Much has been said about Trumpism (Trump’s particular brand of politics) and the conditions that have enabled it (the prime suspect; the secular decay of and distrust in political institutions, including journalism, political parties and state agencies). In many ways, Trump follows the ‘road more travelled’ by staple authoritarian regimes seen across Eurasia (most notably Russia, but also Turkey, Kazaksthan, Azerbajan and Belarus) Eastern Europe (Hungary and to some extent Poland and Slovakia), and increasingly in the Global South (such as Bolsonaro in Brazil, Milei in Argentina, Kagame in Rwanda, and the juntas of Thailand and Myanmar).

Several books exist on each of these countries and their non-democratic tendencies. No need to rehash all that history. In this blog post, I will rather direct attention to a future with Trump as a ‘near-and-present’ danger, and what a future where Trumpism has triumphed, twice — becoming the majority position in the US democracy, may hold for democracy at home.

While American elections, and presidential elections in particular, are an extreme case, there are still several lessons to be drawn — especially as the American democracy sets standards and norms for so many other democracies and ‘like-minded’ countries around the world. If we want to preserve democracy, here are three key lessons to be drawn from the latest American elections:

(Let me add: I am not the first to make these points; some of which may seem self-evident to many of you. Still, Trump’s campaign and election win are so shattering to any norms and accepted wisdom that it is necessary to repeat, again and again over the next 4 years, the norms we earlier took for granted and considered part-and-parcel of modern-day liberal democracies)

First: The cartelized two-party representational system is fundamentally flawed.

Large political parties across the West, especially in two-party systems, have over the last 50 years become state-like institutions that act like the carriers, representatives and spokespeople of the state, rather than, as envisioned by the early parliamentarians, as spokespeople of their constituencies, members and/or stakeholders (including voters). In this way, they more and more resemble the parties of one-party (communist) regimes as seen in the USSR or DRC, with the major difference that they every 2 or 4th year have to compete for wielding this state power. The political contests for government power, through election cycles, are less and less a contest between different voter groups and their interests, but rather a contest between parties for voter groups and their interest…

For this reason, I place much greater faith in the multip-party parliamentary systems largely seen across the European continent, and to some extent the Anglosphere (Canada, Australia and New Zealand) and the East Asian democracies (e.g. Japan and South Korea). This is a system that incentivises closer voter representation, contact with each party’s constituencies and a stronger separation from the state (as each party expect to control a smaller segment of the state apparatus, in a coalition, and for a shorter period, before handing it over to some other coalition).

It also means we should promote more active party participation, involvement and broad-based membership.
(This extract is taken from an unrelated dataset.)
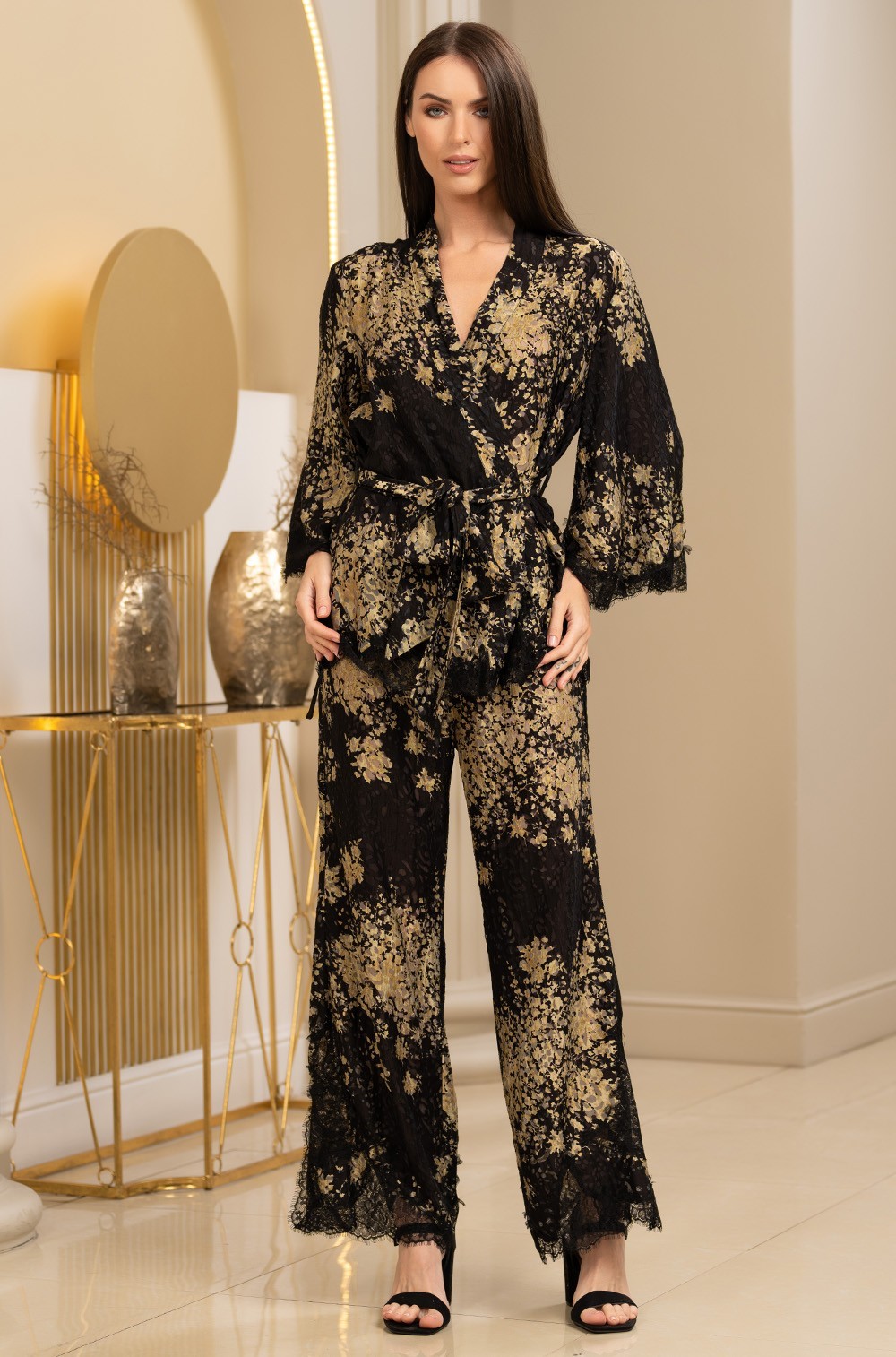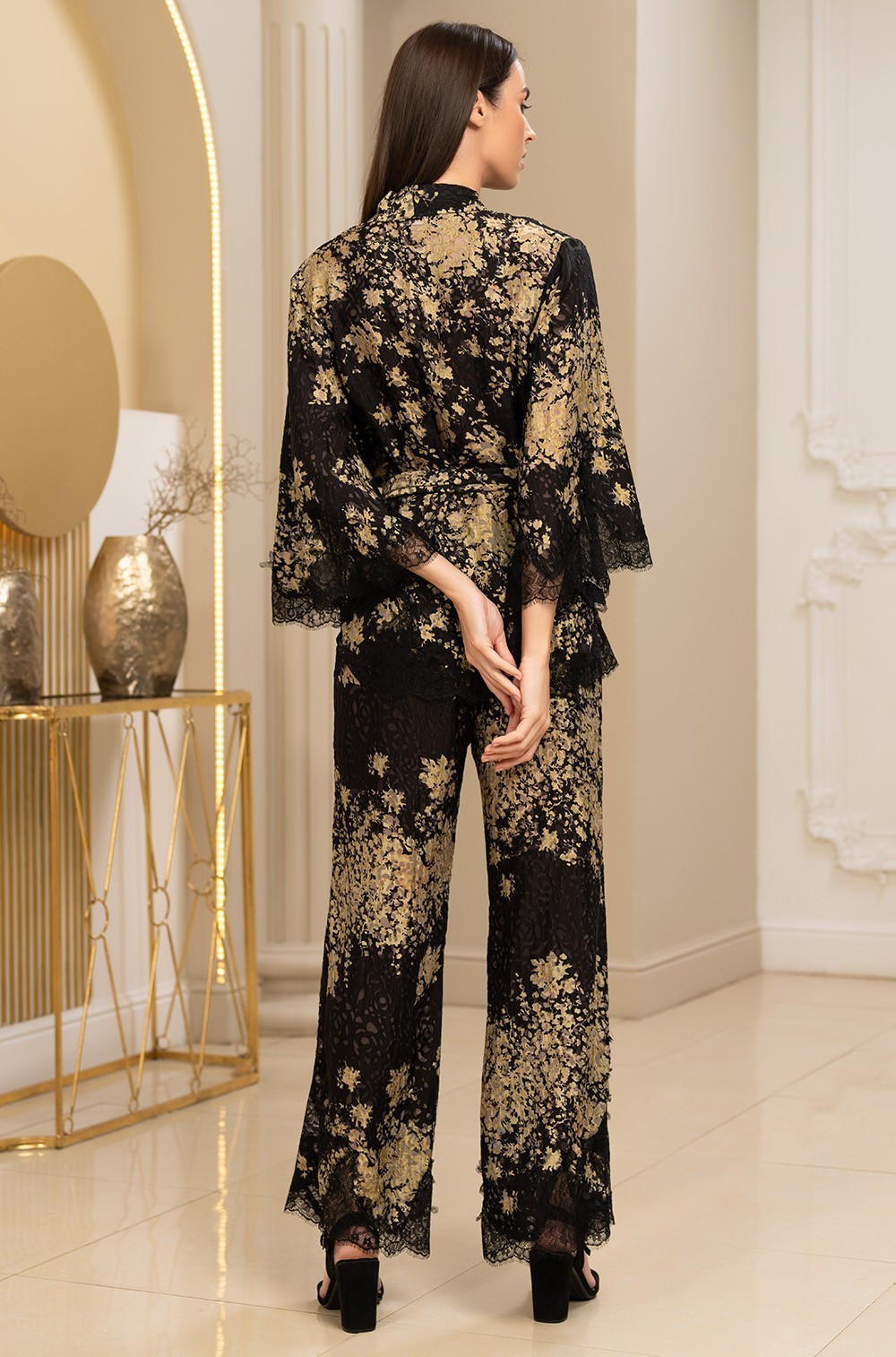 -По низу жакета, рукавов и по низу брюк отделка из чёрного ажурного кружева: Придает пижаме изысканность и соблазнительность.

Just like most other democratic systems and institutions, a broader membership and representation, is expected to counteract the tendencies for centralization, extreme positions and capture by any vested interest. Member-driven and responsive parties are simply expected to be more democratic. As the case of the Republican party demonstrates, structures for power-sharing and deliberation within parties are key for achieving such outcomes at the state/government level.

Conclusion: Don’t allow dominant (majoritarian) parties to cartelize the state and monopolize organized (party) politics through ‘winner-takes-all’ election systems…
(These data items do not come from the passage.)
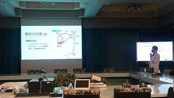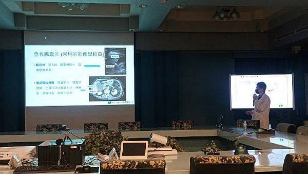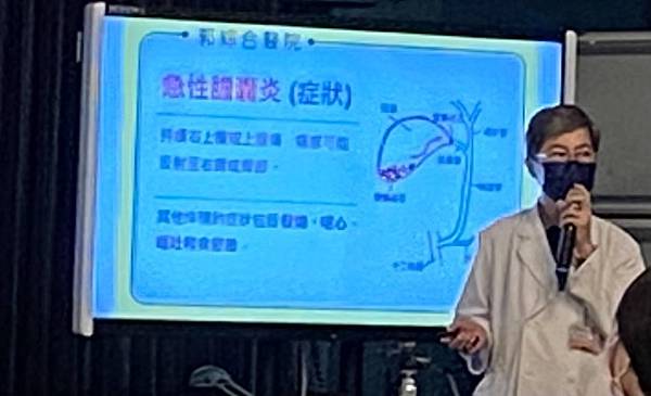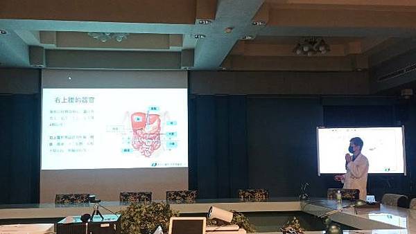 腹部以肚臍為中心,畫分為4個區域。右上腹的對應器官為肝臟、膽囊、膽道、十二指腸、右腎、大腸右段、胰臟頭段等。對右上腹痛,須經病史、症狀、檢驗、檢查做疾病的鑑別診斷。此次記者會著重在膽囊炎的介紹。
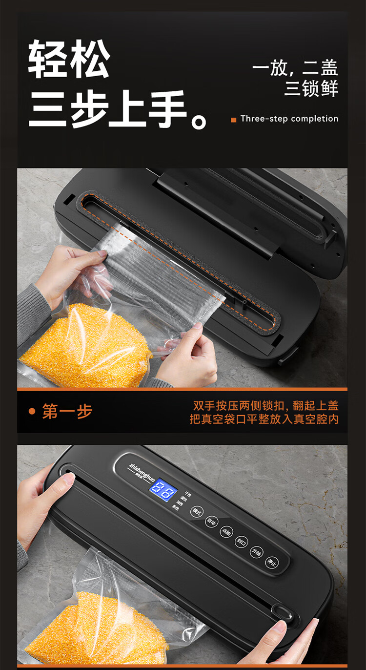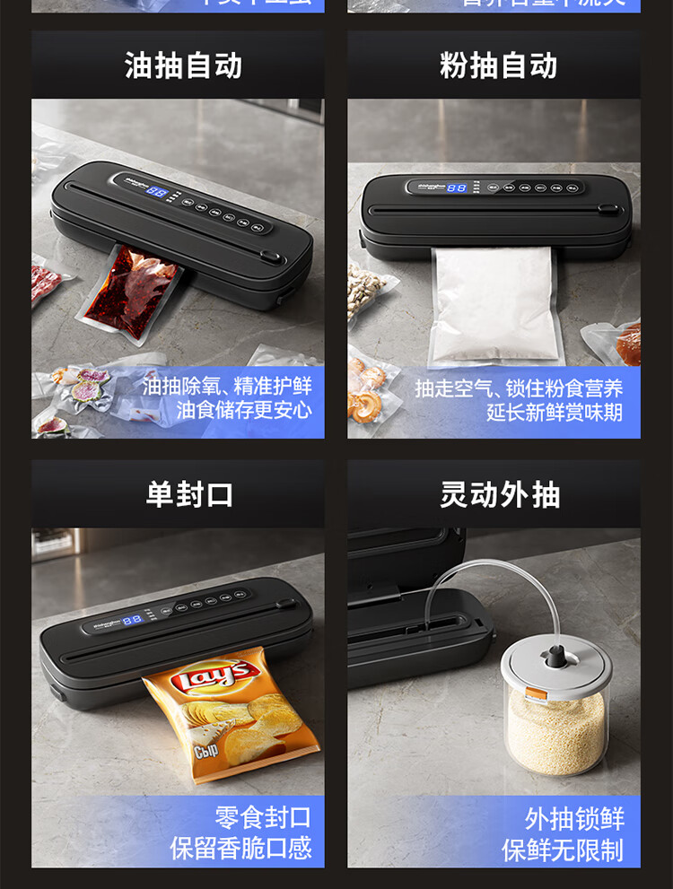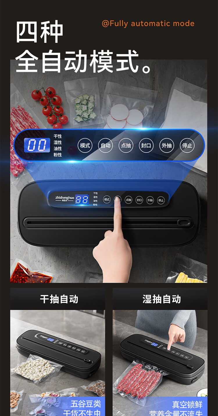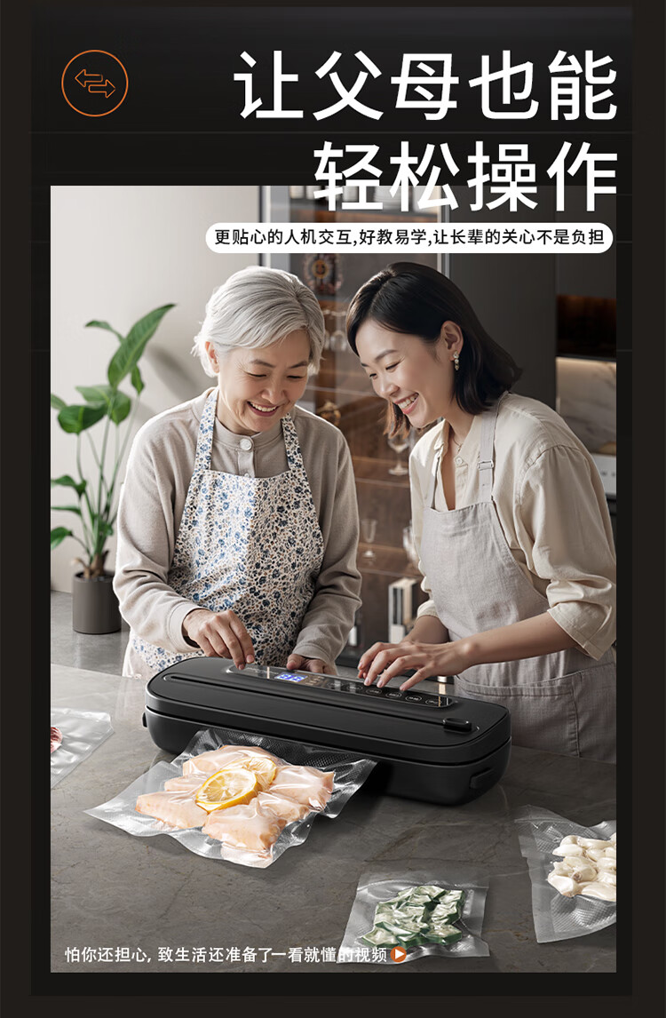 To life vacuum machine sealing machine household fully automatic sealing machine food preservation machine dry and wet universal compression sealing machine large suction vacuum sausage bacon packer refrigerator storage flagship black dry and wet dual-use strong and large suction 60 bags
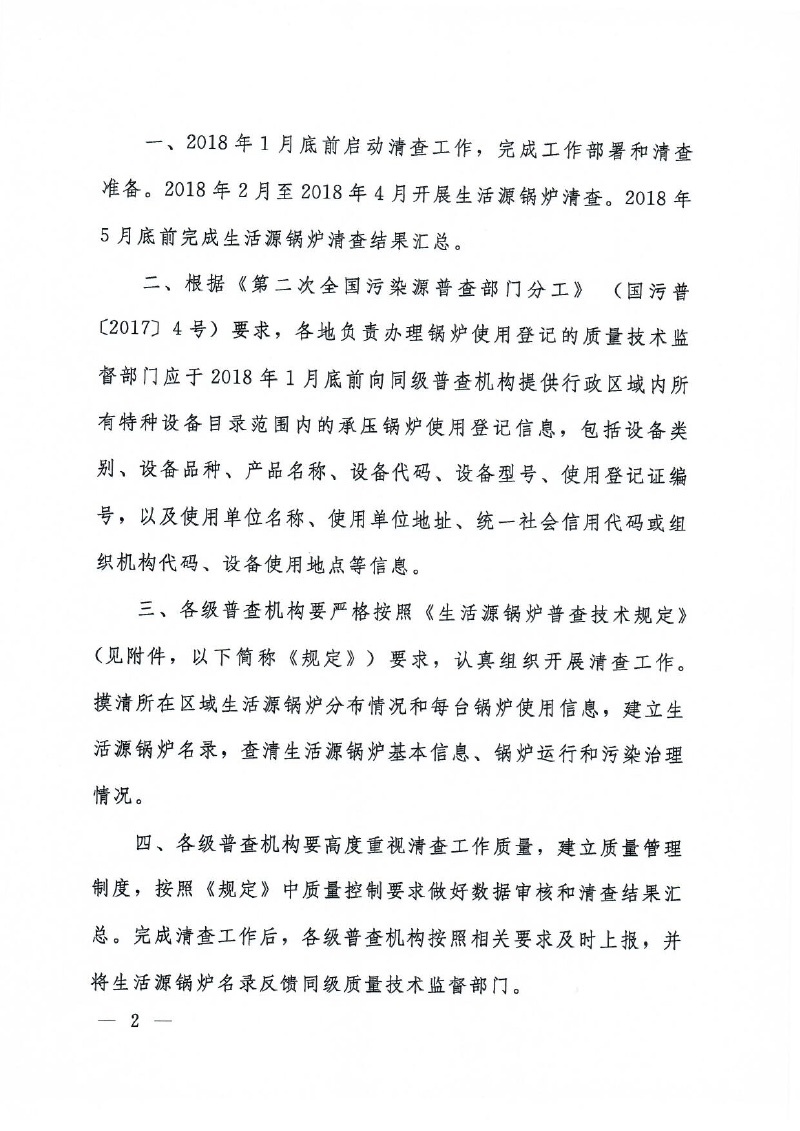 豫污普辦【2018】3號轉(zhuǎn)發(fā)環(huán)保部、國家質(zhì)檢總局關(guān)于開展第二次全國污染源普查生活源鍋爐清查工作的通知

Second: ‘Economic issues are not simply about The Economy, stupid’

In the political discourse, and policy discussions in particular, The Economy is not reducible to a distinct issue. Questions around the state of the national and/or personal economy are not so easily separated from other policy, social or emotional issues — including questions around personal and national identity. Economic identities cannot be reduced to personal interests or identities, such as class or ethnicity. Rather, issues around the economy are interpreted through ideological and collectively defined concerns, that are not entirely economic in nature. Economic and material concerns are fundamentally shaped by broader political identities.

That is to say, while material concerns clearly reconfigured lines of voting and re-aligned political coalitions, and may well have tipped the scales of the American election, not all questions around material well-being can be grouped into a single category of economic policy. Take the issue of inflation. On the personal level, inflation is not solely experienced through the pocketbook; it also manifests in anxieties around your prospects for a prosperous life and insecurities about your place in that future. Economic figures like inflation=2,5% (even headline figures like increasing/decreasing inflation rates) do not figure when decisions are made in the voting booth; the lived experience of inflation and its broader implications for everyday life do.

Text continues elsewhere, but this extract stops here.